The development of evolutionary theory from the publication of The Origin of Species through the late 1800s was heavily influenced by the example Newton's laws of physics, which established the importance of identifying universals that did not vary through time or space, and the debate between the geological uniformitarianism of Hutton and Lyell and catastrophism. Lyell's influence on Darwin's views on geology is widely known. Less appreciated is the extent to which Darwin and later evolutionary biologists adopted a sort of evolutionary uniformitarianism. To win acceptance of evolution, they implicitly assumed that the rates and processes of evolution operating today were sufficient to explain the history of life; no additional mechanisms, or extraordinary rates were required. There were good reasons for this assumption: it allowed experimental investigation of evolutionary processes, particularly with the advent of genetics after 1900, and led to the elimination of untestable and non uniformitarian hypotheses such as orthogenesis. Additional mechanisms (e.g. drift) have been added to our views of evolutionary change, and we appreciate that evolution encompasses a spectrum of evolutionary rates. The hierarchical expansion of evolution by macroevolution and levels of selection arguments have also expanded the range of evolutionary mechanisms, yet all have been essentially uniformitarian. But the underlying assumption remains that there has been no temporal asymmetry to the operation of different mechanisms. Studies of major evolutionary transitions have broken down this barrier, however, describing a series of mechanisms that repackage genetic information as new evolutionary entities are created. In particular, the elucidation of gene regulatory networks reveals a hierarchical structure that ‘packages’ elements of these networks. This reflects a more general pattern in which the nature of variation exposed to selection has itself evolved over time.

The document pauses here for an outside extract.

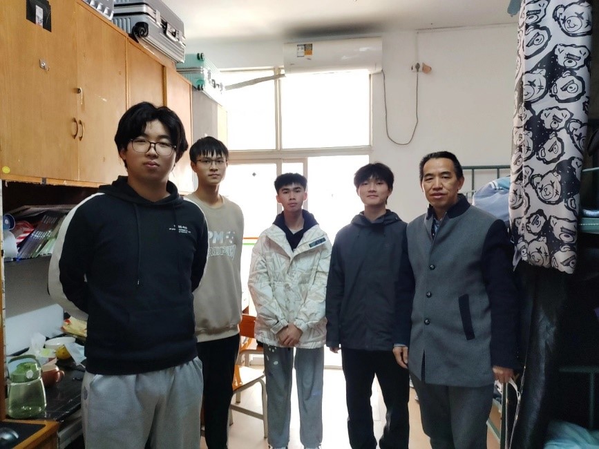 近日,在本科生即将离校之际,梦想导师唐成颖、程日光到11栋宿舍看望联系学生,交流了解同学们最近身体情况、课程学习与考试、回家规划及买票等情况,并提出了同学们在家学习生活建议;同时,建议学生有困难找老师,学校和老师会尽力帮忙解决。
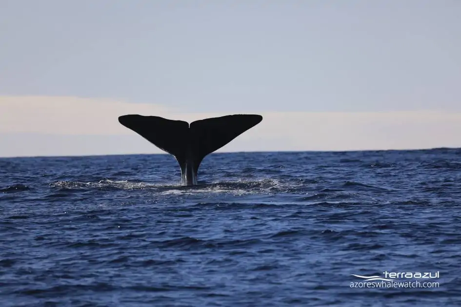 We navigated 14 miles out of the western part of the island in order to arrive and observe the massive resident Azorean male known to us as “C1”. This incredibly large Sperm Whale (Physeter macrocephalus) is not only impressive in size but it’s fluke when it rises out of the water, in order to return into the depths of the dark Atlantic Ocean, is breathtaking. Here for you to enjoy the most beautiful GIF of the year created after our tour this morning: is no other than our C1 male going down under. Isn’t technology awesome ?

Viral quasispecies: A model of molecular Darwinism

ESTEBAN DOMINGO

Darwin’s concept of natural selection shattered the understanding of the biological world by providing convincing evidence that evolution did occur, and that humans are a product of biological evolution. Darwinism influenced not only biology but also sociology and physics. Darwinian processes currently under study include cosmological natural selection, brain function, and the transition that led to the origin of life from simple organic molecules. Quasispecies was formulated as a theory of the origin of life, based on the self-organization of primitive RNA-like molecules subjected to sequence variation, competition and selection. The theory was developed by Manfred Eigen and Peter Schuster in the 1970’s, and represented a link between the principles of Darwinian evolution and classical information theory. Interestingly, quasispecies theory has found an application in the study of the population dynamics of present day RNA viruses.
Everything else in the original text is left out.